▸ EXERCISE REQUIREMENTS:
Output only the lines below from the one holding "The Urban Charm" down to the one holding "Ensemble de 2", both end lines included and every picture dropped.

▸ DATA RECORDS:
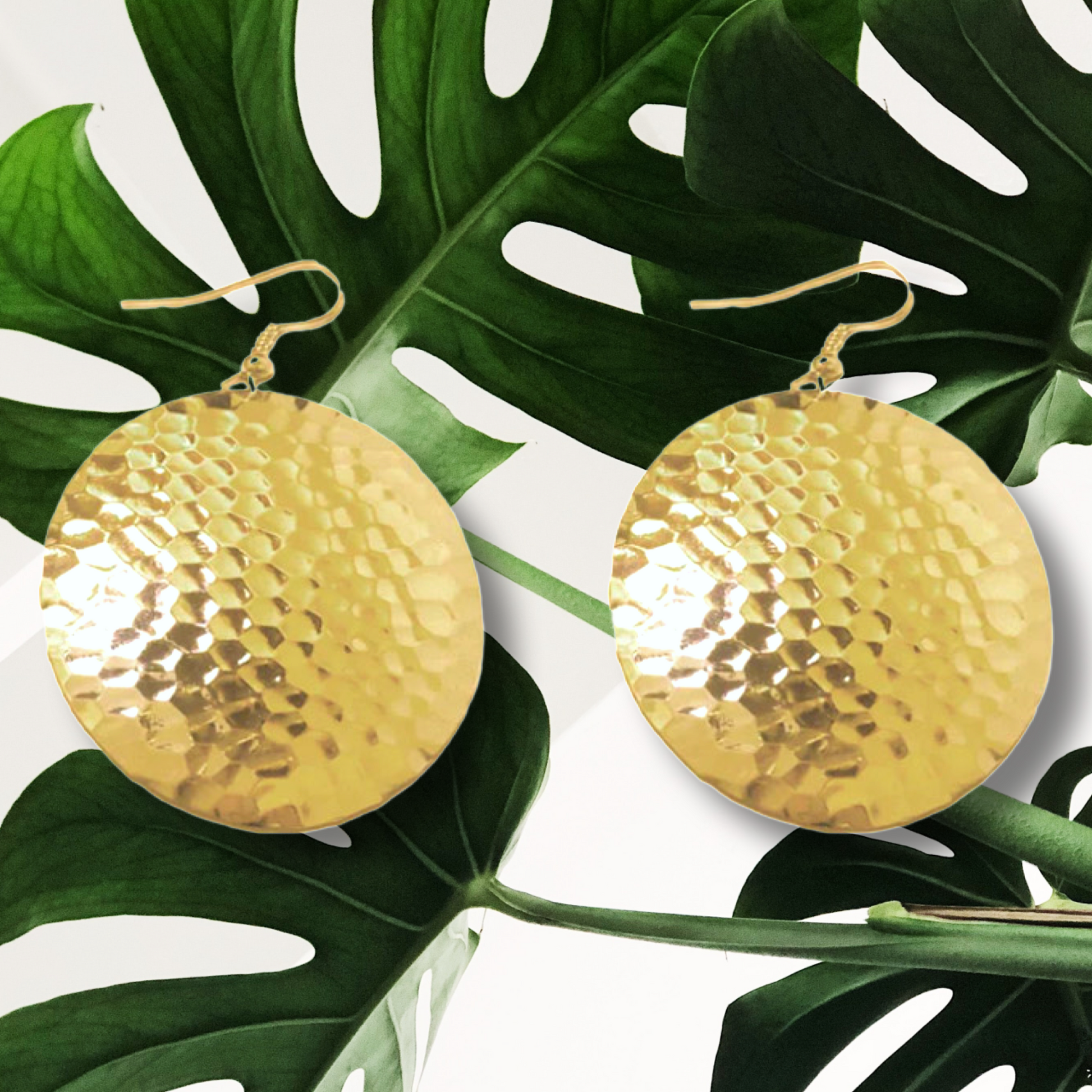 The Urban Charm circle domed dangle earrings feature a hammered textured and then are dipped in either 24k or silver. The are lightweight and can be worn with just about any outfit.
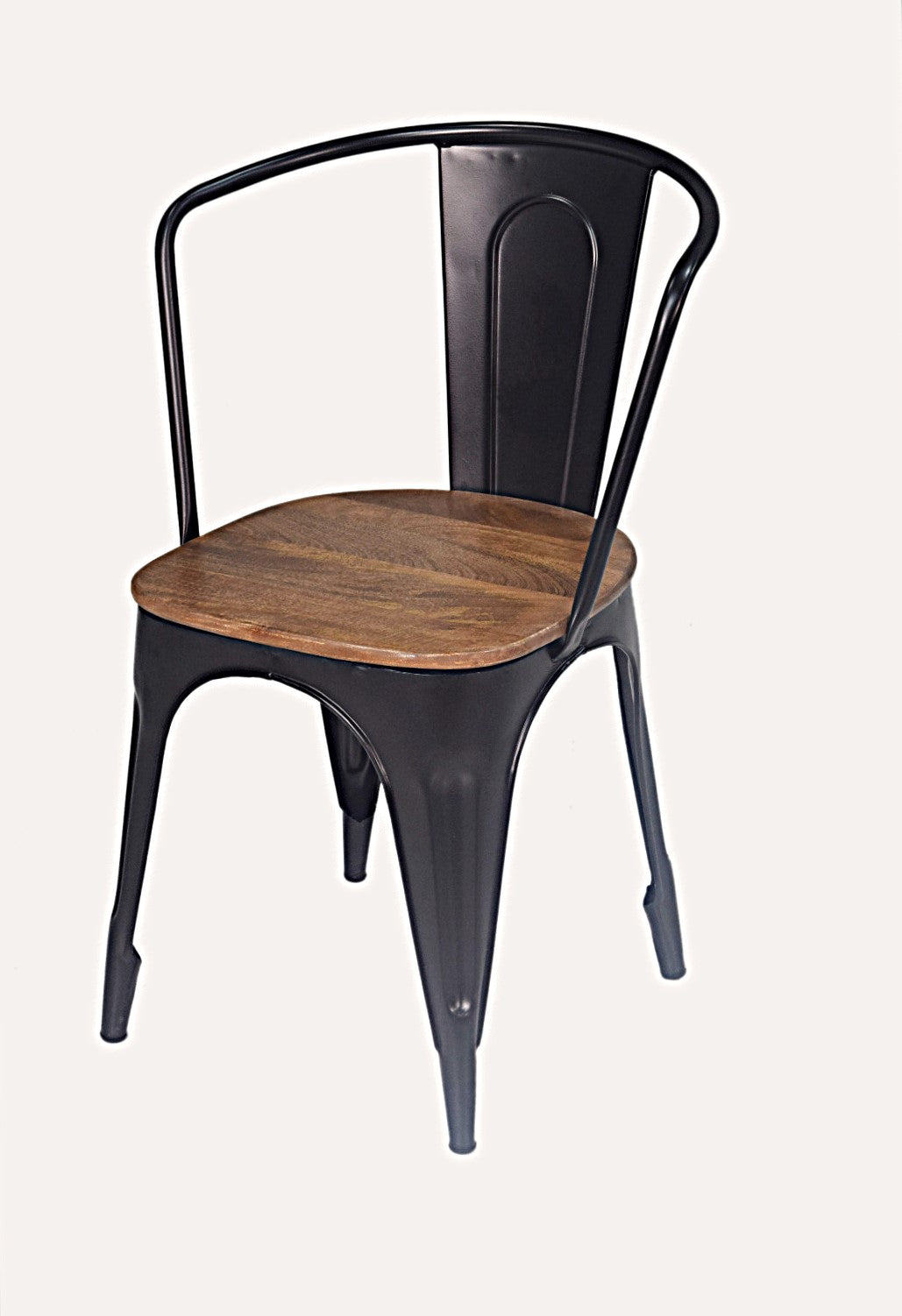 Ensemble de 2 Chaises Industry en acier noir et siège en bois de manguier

==

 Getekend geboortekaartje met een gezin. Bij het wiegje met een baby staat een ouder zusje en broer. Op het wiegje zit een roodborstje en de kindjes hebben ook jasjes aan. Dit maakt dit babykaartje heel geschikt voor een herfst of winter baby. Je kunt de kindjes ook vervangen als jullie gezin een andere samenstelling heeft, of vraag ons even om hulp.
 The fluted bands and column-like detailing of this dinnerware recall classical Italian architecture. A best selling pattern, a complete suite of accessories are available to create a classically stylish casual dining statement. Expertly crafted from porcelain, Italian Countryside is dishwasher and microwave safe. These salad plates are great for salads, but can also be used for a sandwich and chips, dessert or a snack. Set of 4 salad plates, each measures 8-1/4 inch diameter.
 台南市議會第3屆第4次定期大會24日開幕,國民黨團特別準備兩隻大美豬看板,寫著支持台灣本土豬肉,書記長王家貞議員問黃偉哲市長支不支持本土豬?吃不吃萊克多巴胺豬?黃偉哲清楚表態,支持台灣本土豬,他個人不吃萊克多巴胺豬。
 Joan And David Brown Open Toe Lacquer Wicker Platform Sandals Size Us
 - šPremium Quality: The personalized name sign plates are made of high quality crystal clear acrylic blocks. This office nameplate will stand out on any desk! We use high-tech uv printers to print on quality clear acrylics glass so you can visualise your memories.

▸ ANSWER TO THIS EXERCISE:
 The Urban Charm circle domed dangle earrings feature a hammered textured and then are dipped in either 24k or silver. The are lightweight and can be worn with just about any outfit.
 Ensemble de 2 Chaises Industry en acier noir et siège en bois de manguier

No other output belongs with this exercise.